(Dataset excerpts)

*-*-*

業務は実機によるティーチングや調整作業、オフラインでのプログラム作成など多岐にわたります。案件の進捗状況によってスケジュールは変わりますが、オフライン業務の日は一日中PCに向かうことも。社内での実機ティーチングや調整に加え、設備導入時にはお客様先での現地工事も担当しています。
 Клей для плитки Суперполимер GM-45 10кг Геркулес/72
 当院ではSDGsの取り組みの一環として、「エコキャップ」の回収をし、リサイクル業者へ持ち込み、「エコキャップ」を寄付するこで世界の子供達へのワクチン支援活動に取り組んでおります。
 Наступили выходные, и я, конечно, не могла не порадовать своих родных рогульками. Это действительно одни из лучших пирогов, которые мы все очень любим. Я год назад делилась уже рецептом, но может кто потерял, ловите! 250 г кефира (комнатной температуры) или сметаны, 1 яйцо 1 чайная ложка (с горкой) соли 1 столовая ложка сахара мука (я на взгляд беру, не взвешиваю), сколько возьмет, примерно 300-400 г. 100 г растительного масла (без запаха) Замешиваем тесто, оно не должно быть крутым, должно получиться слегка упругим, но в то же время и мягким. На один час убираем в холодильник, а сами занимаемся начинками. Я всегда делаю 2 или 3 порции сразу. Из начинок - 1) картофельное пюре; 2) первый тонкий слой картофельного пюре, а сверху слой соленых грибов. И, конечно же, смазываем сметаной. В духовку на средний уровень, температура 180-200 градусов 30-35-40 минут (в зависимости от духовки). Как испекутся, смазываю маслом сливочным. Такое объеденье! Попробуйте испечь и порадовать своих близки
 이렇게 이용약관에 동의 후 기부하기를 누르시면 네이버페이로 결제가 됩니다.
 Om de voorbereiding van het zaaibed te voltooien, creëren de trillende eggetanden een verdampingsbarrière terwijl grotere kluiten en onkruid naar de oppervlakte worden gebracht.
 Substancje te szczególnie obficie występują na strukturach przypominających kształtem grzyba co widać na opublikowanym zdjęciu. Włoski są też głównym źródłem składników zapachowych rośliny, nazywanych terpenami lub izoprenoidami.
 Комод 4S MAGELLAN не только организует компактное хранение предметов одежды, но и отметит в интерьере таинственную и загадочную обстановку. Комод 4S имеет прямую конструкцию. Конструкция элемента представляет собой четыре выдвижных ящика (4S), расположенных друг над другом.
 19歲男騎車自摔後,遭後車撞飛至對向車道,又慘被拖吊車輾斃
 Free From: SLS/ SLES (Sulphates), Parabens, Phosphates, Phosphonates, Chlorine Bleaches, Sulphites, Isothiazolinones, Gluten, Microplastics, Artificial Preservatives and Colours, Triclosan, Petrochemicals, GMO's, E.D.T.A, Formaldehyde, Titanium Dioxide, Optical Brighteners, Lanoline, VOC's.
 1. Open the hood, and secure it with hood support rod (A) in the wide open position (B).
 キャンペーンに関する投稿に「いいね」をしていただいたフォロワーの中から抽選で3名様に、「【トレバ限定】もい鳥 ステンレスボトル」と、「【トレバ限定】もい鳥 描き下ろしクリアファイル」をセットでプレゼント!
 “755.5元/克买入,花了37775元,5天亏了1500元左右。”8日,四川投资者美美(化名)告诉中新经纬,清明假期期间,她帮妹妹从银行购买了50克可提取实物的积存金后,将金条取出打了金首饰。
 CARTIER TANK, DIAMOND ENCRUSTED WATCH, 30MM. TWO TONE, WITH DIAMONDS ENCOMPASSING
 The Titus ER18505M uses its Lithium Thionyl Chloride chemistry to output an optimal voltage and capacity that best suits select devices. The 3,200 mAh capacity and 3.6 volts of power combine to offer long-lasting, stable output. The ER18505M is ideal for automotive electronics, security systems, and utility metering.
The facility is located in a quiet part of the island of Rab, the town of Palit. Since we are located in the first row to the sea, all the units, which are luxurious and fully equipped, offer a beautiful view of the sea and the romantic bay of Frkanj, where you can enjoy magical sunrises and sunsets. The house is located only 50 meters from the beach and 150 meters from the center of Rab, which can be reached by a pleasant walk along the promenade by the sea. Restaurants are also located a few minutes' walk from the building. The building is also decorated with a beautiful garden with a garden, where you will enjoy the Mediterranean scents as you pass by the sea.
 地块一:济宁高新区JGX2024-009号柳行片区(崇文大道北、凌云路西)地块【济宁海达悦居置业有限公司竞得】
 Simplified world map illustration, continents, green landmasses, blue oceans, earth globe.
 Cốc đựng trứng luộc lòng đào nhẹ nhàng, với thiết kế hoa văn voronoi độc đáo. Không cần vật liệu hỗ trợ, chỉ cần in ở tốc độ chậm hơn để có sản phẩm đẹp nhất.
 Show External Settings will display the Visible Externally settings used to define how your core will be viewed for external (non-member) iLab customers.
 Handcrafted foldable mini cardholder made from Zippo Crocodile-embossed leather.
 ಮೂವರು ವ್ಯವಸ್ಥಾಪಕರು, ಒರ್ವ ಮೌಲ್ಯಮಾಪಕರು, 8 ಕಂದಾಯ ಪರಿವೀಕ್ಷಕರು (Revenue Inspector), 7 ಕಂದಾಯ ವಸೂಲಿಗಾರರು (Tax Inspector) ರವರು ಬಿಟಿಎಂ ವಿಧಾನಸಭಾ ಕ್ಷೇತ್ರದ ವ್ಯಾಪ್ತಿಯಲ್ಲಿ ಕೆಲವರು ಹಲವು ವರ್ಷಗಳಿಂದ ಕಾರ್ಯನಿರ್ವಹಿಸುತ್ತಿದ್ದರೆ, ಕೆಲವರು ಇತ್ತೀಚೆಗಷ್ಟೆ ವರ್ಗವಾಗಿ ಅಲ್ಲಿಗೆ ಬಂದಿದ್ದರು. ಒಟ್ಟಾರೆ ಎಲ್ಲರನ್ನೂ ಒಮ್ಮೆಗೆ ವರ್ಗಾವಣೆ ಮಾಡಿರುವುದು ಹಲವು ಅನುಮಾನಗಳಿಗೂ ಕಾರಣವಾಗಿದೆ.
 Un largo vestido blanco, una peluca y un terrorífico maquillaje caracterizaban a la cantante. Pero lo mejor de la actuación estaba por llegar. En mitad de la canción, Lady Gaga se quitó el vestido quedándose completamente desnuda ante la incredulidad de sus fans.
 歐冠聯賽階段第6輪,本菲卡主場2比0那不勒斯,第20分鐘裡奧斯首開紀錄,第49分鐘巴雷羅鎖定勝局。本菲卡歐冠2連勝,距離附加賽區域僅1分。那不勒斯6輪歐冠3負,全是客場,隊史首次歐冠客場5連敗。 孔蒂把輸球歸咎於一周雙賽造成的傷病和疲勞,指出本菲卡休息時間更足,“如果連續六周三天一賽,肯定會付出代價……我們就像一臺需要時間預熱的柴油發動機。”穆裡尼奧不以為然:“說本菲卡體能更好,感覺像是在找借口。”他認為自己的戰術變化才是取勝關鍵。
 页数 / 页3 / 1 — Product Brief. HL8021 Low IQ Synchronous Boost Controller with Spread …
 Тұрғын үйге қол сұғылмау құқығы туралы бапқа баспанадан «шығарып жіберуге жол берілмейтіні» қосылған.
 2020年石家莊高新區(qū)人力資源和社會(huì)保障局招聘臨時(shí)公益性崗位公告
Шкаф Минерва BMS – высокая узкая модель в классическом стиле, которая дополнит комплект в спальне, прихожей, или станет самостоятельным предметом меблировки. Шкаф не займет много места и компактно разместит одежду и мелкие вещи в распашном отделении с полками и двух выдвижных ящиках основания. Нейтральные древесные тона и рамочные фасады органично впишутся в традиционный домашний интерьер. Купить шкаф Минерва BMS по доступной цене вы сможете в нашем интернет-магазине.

*-*-*

● EXERCISE GOAL
Print, exactly as written, the first line of the records above and each line after it until the line with "当院ではSDGsの取り組みの", which is printed too.

● RESPONSE TO THE EXERCISE
業務は実機によるティーチングや調整作業、オフラインでのプログラム作成など多岐にわたります。案件の進捗状況によってスケジュールは変わりますが、オフライン業務の日は一日中PCに向かうことも。社内での実機ティーチングや調整に加え、設備導入時にはお客様先での現地工事も担当しています。
 Клей для плитки Суперполимер GM-45 10кг Геркулес/72
 当院ではSDGsの取り組みの一環として、「エコキャップ」の回収をし、リサイクル業者へ持ち込み、「エコキャップ」を寄付するこで世界の子供達へのワクチン支援活動に取り組んでおります。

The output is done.